En ce printemps 2016, la contestation n’est pas que sociale et prend des accents de défiance vis-à-vis de la démocratie représentative et plus généralement des institutions. À l’issue du défilé parisien du 31 mars des manifestants occupent pour la nuit la place de la République, donnant naissance à un mouvement citoyen original baptisé Nuit Debout, qui permet l’expression de tout un chacun sur les sujets les plus divers dans un exercice assez inédit de démocratie directe.
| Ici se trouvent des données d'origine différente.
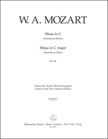 **Title**: Missa in C major K. 66 "Dominicus Mass" | **Composer / Author**: Mozart, Wolfgang Amadeus | **Editor**: Senn, Walter | **Edition Type**: Part, Urtext edition | **Scoring/ Instrumentation**: 1. Violin | **Binding**: Stapled | **Weight**: 74.0 g | **Format**: 32,5 x 25,5 cm | **Pages**: 19 S. | **Language**: EN | Sample: https://data.baerenreiter.com/NB/BA/BA04791_74_9790006456819_nb_lrg_01.jpg

Ces assemblées citoyennes essaiment ensuite dans de nombreuses villes françaises (et même à l’étranger), comme à Marseille sur le Cours Julien à la Plaine (avec quelques tentatives de délocalisation dans les quartiers Nord) ou à Nice sur la place Garibaldi, mais aussi dans de plus petites localités de la région.
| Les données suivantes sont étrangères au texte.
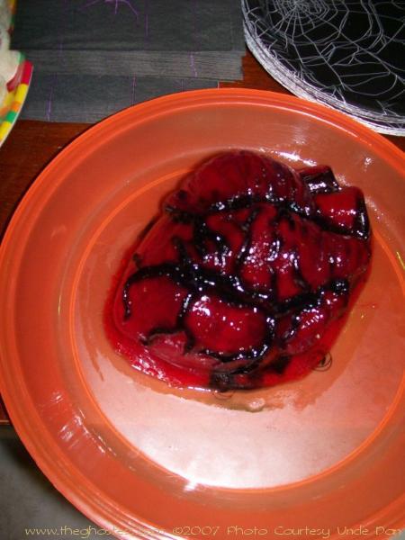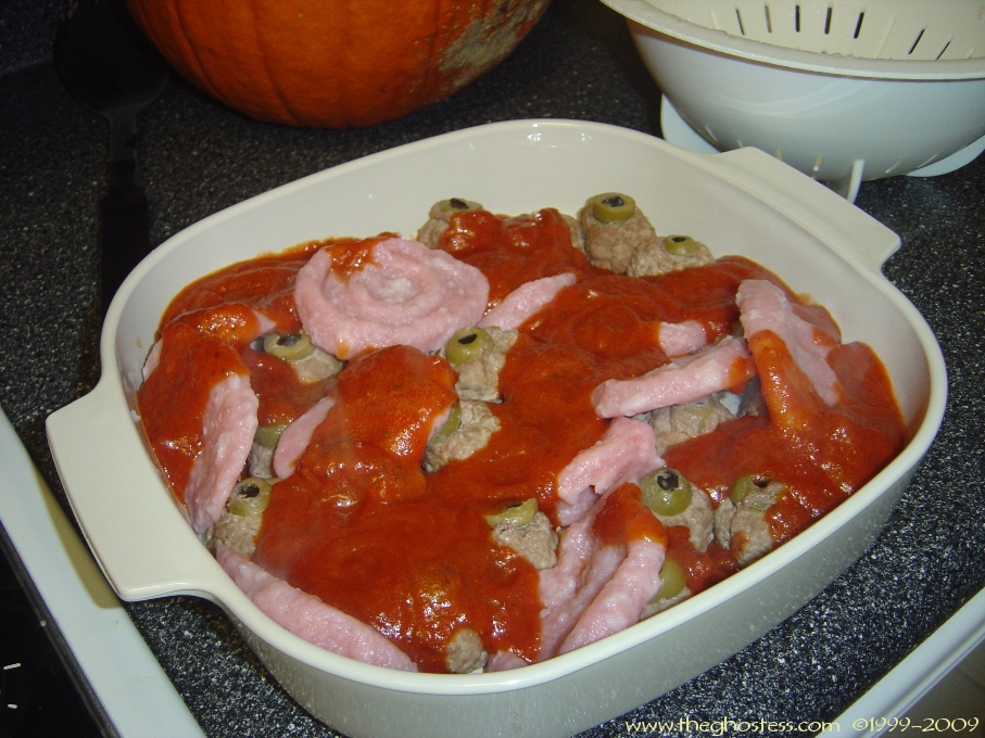 An awesomely disgusting recipe from Worldfamousrecipes.com, "Eyes and Ears". The eyes are turkey meatballs with olives, and the Ears are homemade pasta. We added some tongue shapes in for a little something different too.

La nécessité pour le gouvernement de sortir au plus vite de l’ornière oblige in fine Manuel Valls à avoir recours, le 10 mai 2016, à l’article 49.3 de la constitution qui permet (une fois par session parlementaire) au Premier ministre d’engager la responsabilité de son gouvernement devant l’Assemblée nationale pour passer en force en faisant adopter un projet de loi sans vote. Il s’expose alors au dépôt d’une motion de censure qui, si elle est votée par la majorité des députés, conduit au renversement du gouvernement. La droite dépose une motion de censure qui n’obtient pas assez de suffrages, alors que le groupe de députés socialistes frondeurs, existant depuis 2014 à l’intérieur de la majorité présidentielle, n’arrive pas à faire signer la leur par suffisamment de parlementaires pour qu’elle soit présentée. La loi est donc adoptée et promulguée au Journal officiel le 9 août 2016.
Bibliographie
- Sophie Béroud, Elyane Bressol, Jérôme Pélisse et Michel Pigenet (dir.), La CGT, 1975-1995. Un syndicat à l’épreuve des crises, Nancy, Éditions Arbre bleu, 2019.
- Baptiste Giraud, Karel Yon et Sophie Béroud, Sociologie politique du syndicalisme, Paris, Armand Colin, 2018.
- Jérôme Porta, « Le doit du travail en changement. Essais d’interprétation », Travail et emploi, n° 158, 2019, p. 95-132.
- Stéphane Sirot, La grève en France. Une histoire sociale (XIXe-XXe siècle), Paris, Odile Jacob, 2002.